If you work in charity comms, you’ve probably thought ‘If people really understood this issue, they would care more.’ We’ve all been there, I know I certainly have. To encourage understanding from new and existing audiences, we often put huge effort into:
- Clearer explanations
- Stronger statistics
- Myth‑busting content
- Urgent messaging
But often, we still find that people don’t respond to our content the way we might expect. The problem usually isn’t what you’re saying, it’s how the message is framed.
Inspired by Ruth Taylor’s guest webinar on framing and values for Media Trust, this resource will help you spot when ineffective framing is getting in the way of your message landing. We’ll show you how to fix the messages that aren’t working and introduce you to the world of values-based communications.

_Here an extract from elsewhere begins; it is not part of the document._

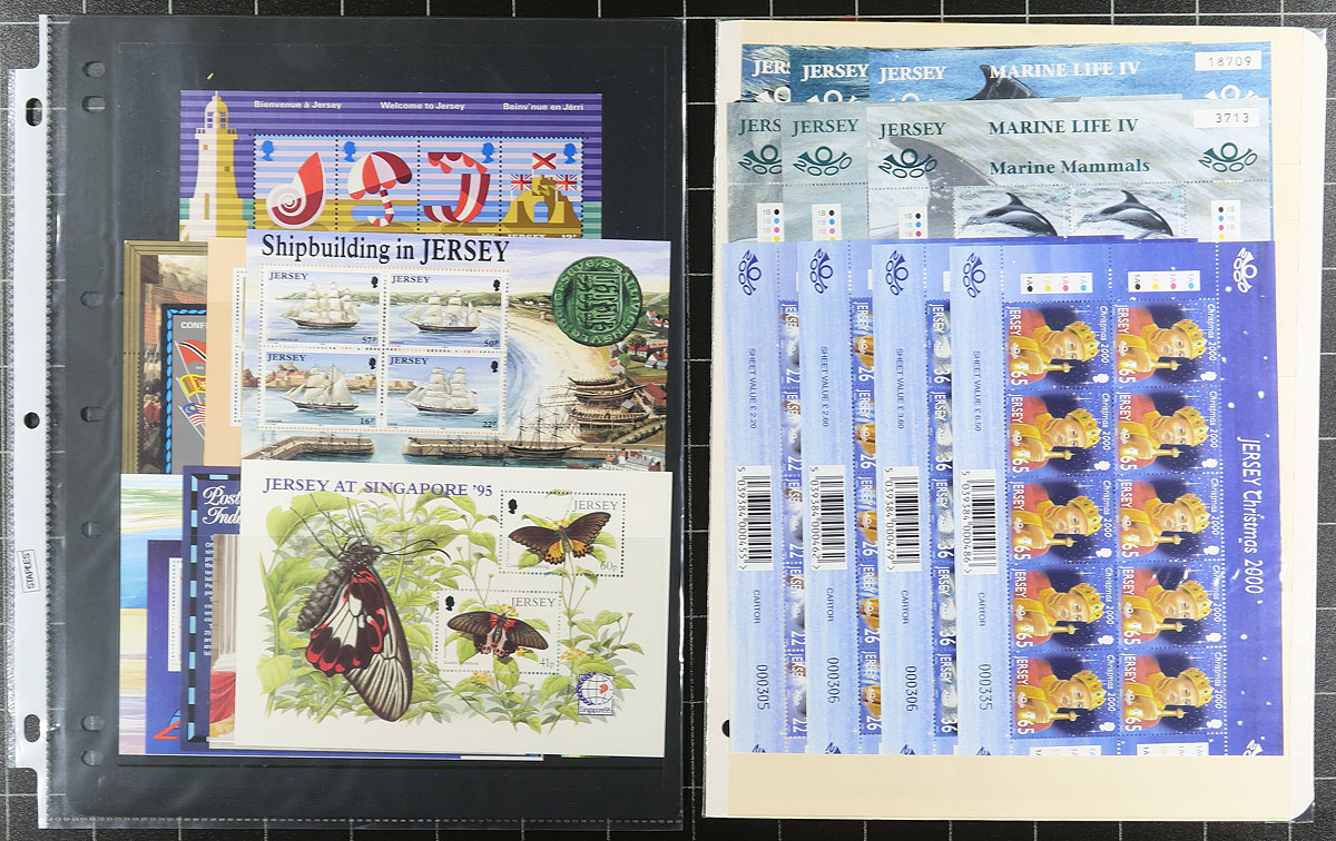 Lovely group of primarily never hinged souvenir sheets and sheetlets, 1970's-2000, containing roughly 250 items in stockpages and glassines. The lot contains material from Guernsey and Jersey, along with a few from Isle of Man, noting several items cataloging $5 to $10 each, including two Isle of Man groups of sheetlets in special post office folders. Only some of the material has been catalogued by the owner from an older Scott catalogue and totals US$1,119.00 , leaving value on the table for collectors and dealers alike. Some duplication up to 8 for some issues, with a few having cto post office cancels, overall very fine. Estimate =

Why information alone doesn’t always change behaviour
Many of us were taught (directly or indirectly) that if people have the right information, they’ll act on it. But human brains are far more complicated than that.
In practice:
- We pay more attention to information that fits what we already believe
- We’re quicker to dismiss facts that feel uncomfortable or threatening
- We often make decisions based on how something feels, not how accurate it is
That’s why people can still hold wildly inaccurate views on issues like poverty, immigration or climate change, even after years of great awareness raising campaigns and expert evidence.

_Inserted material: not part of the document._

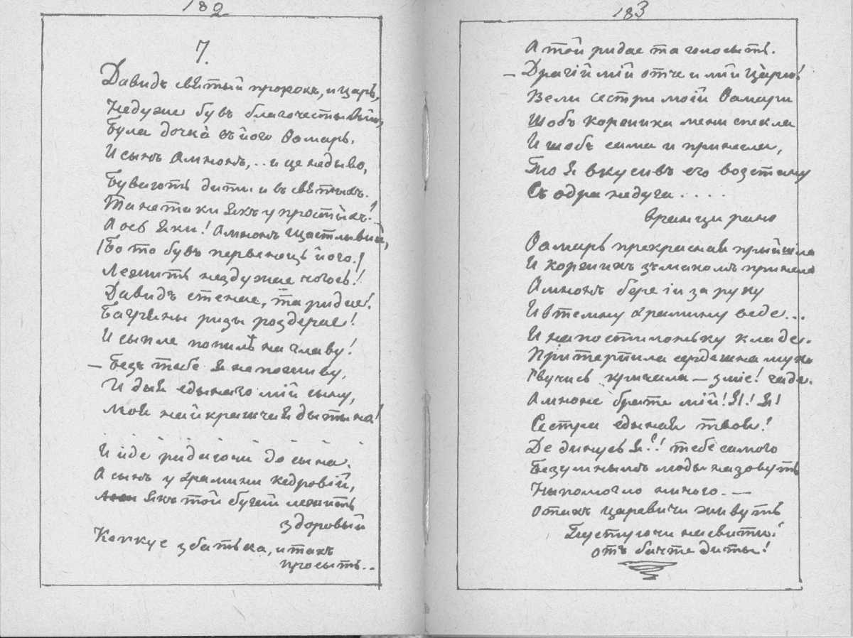 С. 182 – 183 Давид, святий пророк і цар…«Мала книжка» Тараса Шевченка. С. 182 – 183 – продовження циклу «Царі» з рядка «Давид, святий пророк і цар…» |

For charities, this matters because adding more facts or explaining harder doesn’t always lead to more understanding. Sometimes it can lead to pushback, overwhelm, or disengagement.
What is framing and why it matters
Framing starts from a really simple idea that we are never communicating in a vacuum. People don’t come to your messaging and comms with an empty mind. Rather, they bring their own experiences, assumptions, worries and beliefs with them.

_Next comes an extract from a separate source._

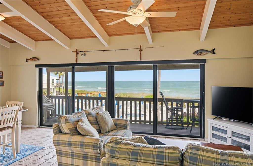 Discov?r th? coa?tal l?fest?le at Beachwood V?lla? on Hutchinson Island, ideally located just minutes from the shops and dining of Downtown Stuart and Jensen Beach. This top-floor residence offers flexibility as a personal retreat or income-producing rental, with the ability to lease up to six times per year (minimum two-month terms). Vaulted ceilings, full impact glass, and sweeping ocean views enhance the open, light-filled interior. Conveniently situated near the pool, the unit is easily accessed via stairs from the private covered balcony. Community amenities include direct beach access, swimming pool, hot tub, and grilling area. The main living area and kitchen are located on one level, with bedrooms and baths below, plus TWO loft areas (one above the kitchen AND another accessible from the master bedroom) providing additional usable space. Additional features include an in-unit washer and dryer, dog-friendly community, and covered parking. Schedule your showing today!

Framing is about recognising this and choosing how your message shows up with all these considerations in mind. Another way to think about it is that framing is choosing which ideas and feelings your message brings to the surface.
It’s important to remember: There’s no such thing as an unframed message. Every message triggers associations with an audience. The only question is whether you’ve chosen them intentionally or left them to chance.
Whether we work in communications or not, we already use frames all the time. When you hear words like ‘school’, ‘family’ or ‘home’, a whole set of ideas and feelings appear instantly. Your charity’s messaging works in exactly the same way.
How good framing can tackle misinformation
When we see misinformation or harmful narratives about our charity’s cause, our instinct is often to correct them head‑on. That’s how we end up with messages like:
- Homelessness is not a lifestyle choice
- Immigrants are not the enemy
- This issue isn’t about personal failure
These statements are correct and very well‑intentioned, but they can accidentally reinforce the myth that we’re trying to dispel.
When we repeat a harmful idea, even to argue against it, we bring it back into people’s minds. The brain tends to remember the idea itself, not the correction. So instead of moving people forward, we can end up reinforcing the very thing we’re trying to undo.
What should we do instead?
Say what you want people to think, not what you want them to stop thinking.
For example:
- ‘Homelessness is not a lifestyle choice’ becomes: ‘Everyone deserves a safe, stable place to live.’
- ‘Immigrants are not the enemy’ becomes: ‘Immigrants are welcome here.’
It’s a bit like signage at a swimming pool. ‘Don’t run’ can put the idea of running in your head, whereas ‘please walk” tells you clearly what to do.
Why values make messages land better
Research from the Common Cause Foundation shows that people across cultures tend to share a common set of values, but we prioritise them differently depending on context and messaging.